BEIJING, Sept. 1 (UPI) -- China and the Philippines agreed to find a peaceful resolution to a South China Sea dispute that has raised international concerns.
The issue was discussed by visiting Philippine President Benigno Aquino III and his Chinese host, President Hu Jintao. The two leaders stood firm about their countries' territorial claims in the Spratlys, but decided to resolve the dispute peacefully, the Philippine Star reported Thursday.
The official Chinese news agency Xinhua reported Hu and Aquino agreed to strengthen economic and trade cooperation while minimizing the impact of the sea disputes.
Xinhua quoted Hu as saying China's stance on the South China Sea issue has been consistent and explicit.
"The South China Sea disputes should be resolved peacefully through consultation and negotiation" between the two countries, Hu said.

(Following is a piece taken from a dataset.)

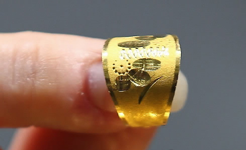 외형상으로는 1돈(3.75g)짜리 돌반지와 같지만 두께와 폭을 얇게 제작해 금 중량을 줄여 가격은 3배 가량 저렴하다.
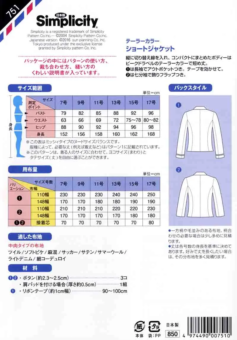 パターン 型紙 テーラーカラーショートジャケット

Hu also was quoted as saying China is ready to work with the countries of the Association of Southeast Asian Nations (ASEAN), including the Philippines, to develop the waters jointly into "a sea of peace, friendship and cooperation."
The sea dispute has become tense, as China repeatedly asserts its "indisputable sovereignty over the Nansha Islands [Spratly Islands] and the surrounding waters" of the South China Sea, and has asked all other claimant countries to stop drilling there for oil and gas. Those countries include Vietnam, Malaysia, the Philippines, Brunei and Taiwan.
The U.S. Senate has passed a resolution deploring the recent use of force by Chinese maritime security vessels against a Vietnamese exploration ship, and calling for a peaceful resolution of the dispute through multilateral efforts.
The Philippine Star quoted Aquino spokesman Edwin Lacierda as saying it was Aquino who raised the Spratlys issue, saying as the issue was a regional problem, it required a regional solution.
"So both sides were very positive in addressing the issue in the South China Sea," the Star quoted Lacierda as saying.
Aquino and Hu also attended the signing of nine agreements on a number of issues regarding economic, cultural and friendly ties.
Xinhua reported the two sides have pledged to double their trade volume to $60 billion in five years. The report said Aquino was accompanied by a 300-strong delegation that included more than 200 business executives.